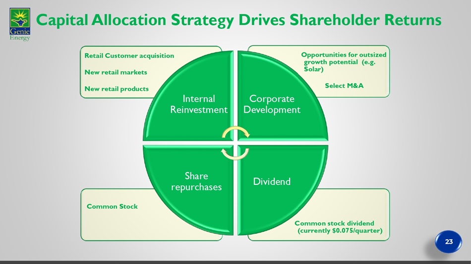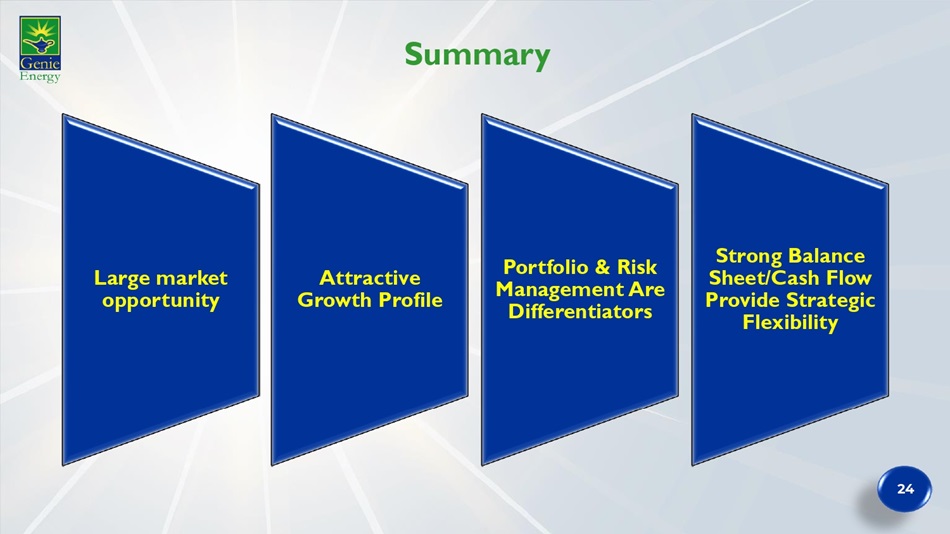 Capital Allocation Strategy Drives Shareholder Returns Common stock dividend (currently $0.075/quarter) Common Stock Opportunities for outsized growth potential (e.g. Solar) Select M&A Retail Customer acquisition New retail markets New retail products Internal Reinvestment Corporate Development Dividend Share repurchases 23
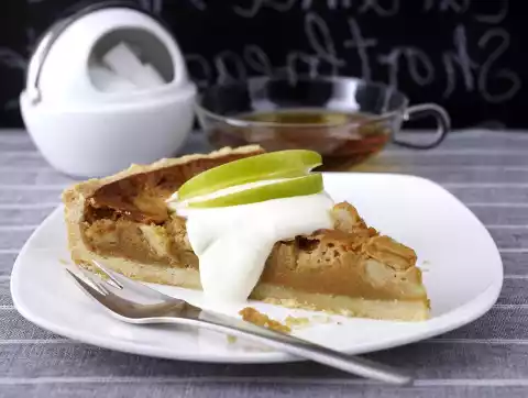 Meanwhile, peel, quarter, core and dice the apples and fold them into the caramel cream. Sprinkle the tart base with breadcrumbs and spread the caramel cream on top. Bake at the same temperature on the lowest rack for 35-40 minutes.
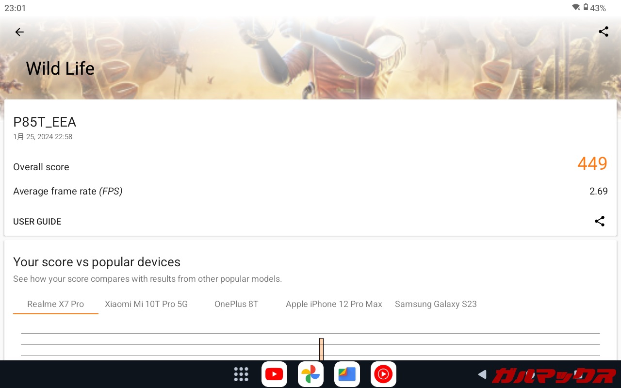 まぁわかってはいたんだけど、動作のモッタリ感はマジでいつもある。なんだったら動画を再生してるときや2D系ゲームしてるときはホームに戻るときとか、なんなら電源キー押してスリープするときさえも0.5~1秒のラグを感じちまいます。
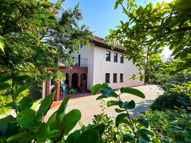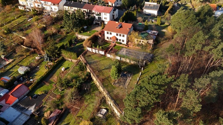 - działka: 3385 m² (pełna prywatność, dojrzały ogród, cisza)
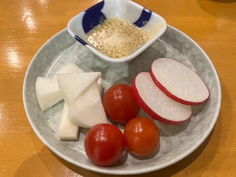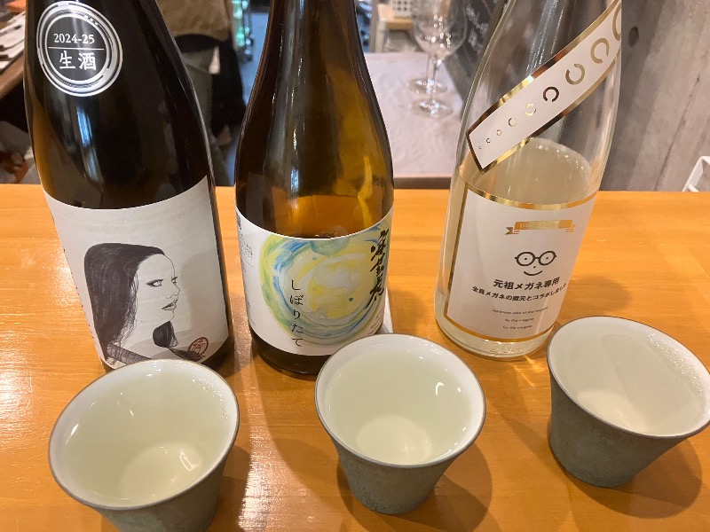 珍しい日本酒3種飲み比べとじゃこと大根葉のちぢみをアテに、ワインとバーニャカウダーも。
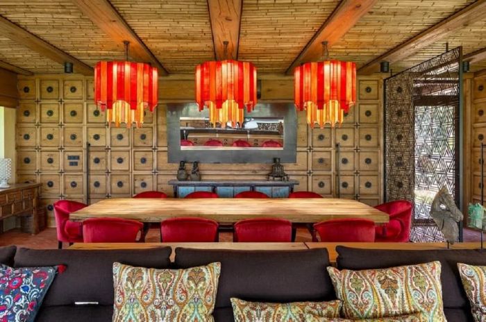 From the entrance, the open floor plan features a metal screen with intricate patterns to separate the dining area. Ornamental lighting fixtures add another attractive visual element to its interior design.
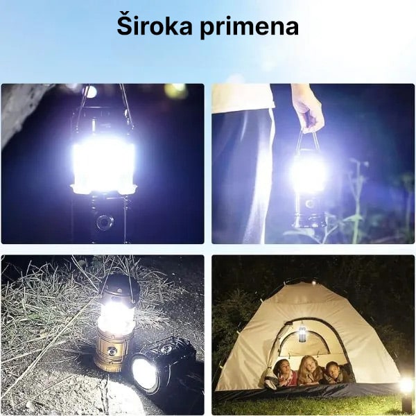 Ova izvanredna baterijska lampa+svetiljka pogodna je za širok spektar aktivnosti. Koristite je tokom pecanja, planinarenja, lova ili jednostavno za opuštanje u vrtu. Robusna ručka lampe omogućava da se prikači bilo gde, pružajući osvetljenje bez ruku. Njegov kompaktni i lagani dizajn olakšava nošenje i skladištenje, čineći je savršenom za sve avanture na otvorenom i zatvorenom.
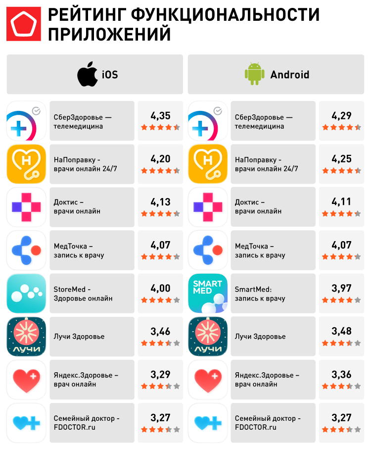 - По результатам исследования лидером по функциональности и удобству использования стало приложение «СберЗдоровье», которое продемонстрировало высокие баллы по большинству критериев, включая поиск врачей, фильтрацию, полноту карточек и скорость записи на прием.
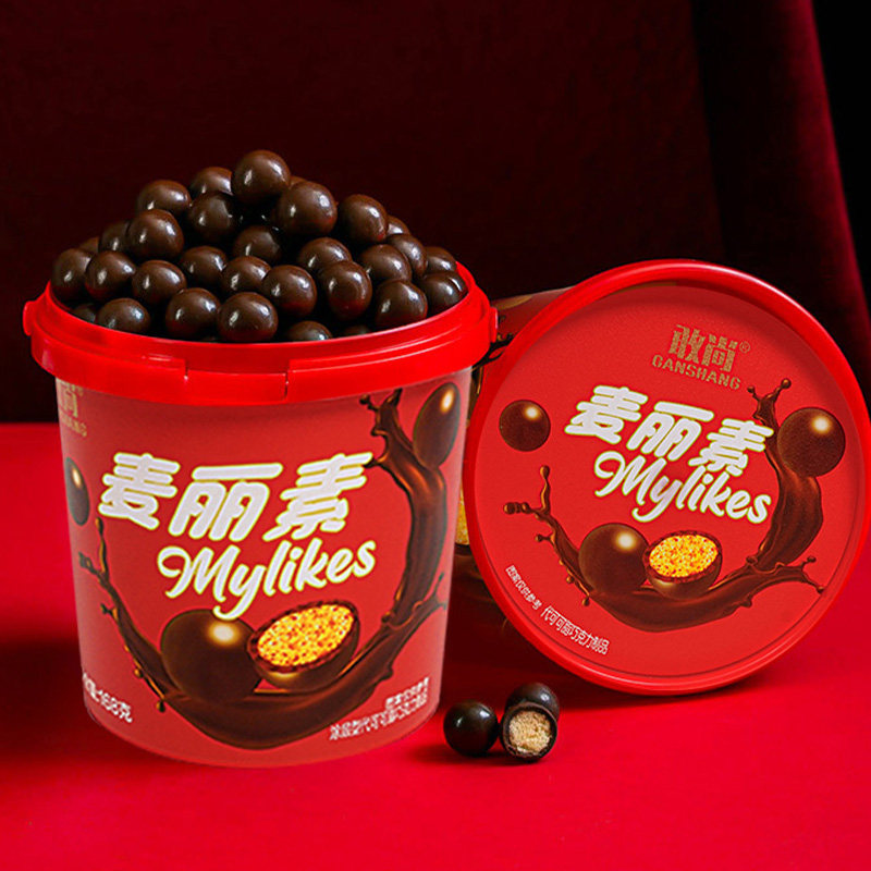 怡浓麦丽素桶装520g怀旧黑巧克力豆夹心朱古力脆心球麦芽儿童零食

> [What you have to do]
Skip every image and output the remaining records exactly.

> [Answer area]
 Capital Allocation Strategy Drives Shareholder Returns Common stock dividend (currently $0.075/quarter) Common Stock Opportunities for outsized growth potential (e.g. Solar) Select M&A Retail Customer acquisition New retail markets New retail products Internal Reinvestment Corporate Development Dividend Share repurchases 23
 Meanwhile, peel, quarter, core and dice the apples and fold them into the caramel cream. Sprinkle the tart base with breadcrumbs and spread the caramel cream on top. Bake at the same temperature on the lowest rack for 35-40 minutes.
 まぁわかってはいたんだけど、動作のモッタリ感はマジでいつもある。なんだったら動画を再生してるときや2D系ゲームしてるときはホームに戻るときとか、なんなら電源キー押してスリープするときさえも0.5~1秒のラグを感じちまいます。
 - działka: 3385 m² (pełna prywatność, dojrzały ogród, cisza)
 珍しい日本酒3種飲み比べとじゃこと大根葉のちぢみをアテに、ワインとバーニャカウダーも。
 From the entrance, the open floor plan features a metal screen with intricate patterns to separate the dining area. Ornamental lighting fixtures add another attractive visual element to its interior design.
 Ova izvanredna baterijska lampa+svetiljka pogodna je za širok spektar aktivnosti. Koristite je tokom pecanja, planinarenja, lova ili jednostavno za opuštanje u vrtu. Robusna ručka lampe omogućava da se prikači bilo gde, pružajući osvetljenje bez ruku. Njegov kompaktni i lagani dizajn olakšava nošenje i skladištenje, čineći je savršenom za sve avanture na otvorenom i zatvorenom.
 - По результатам исследования лидером по функциональности и удобству использования стало приложение «СберЗдоровье», которое продемонстрировало высокие баллы по большинству критериев, включая поиск врачей, фильтрацию, полноту карточек и скорость записи на прием.
 怡浓麦丽素桶装520g怀旧黑巧克力豆夹心朱古力脆心球麦芽儿童零食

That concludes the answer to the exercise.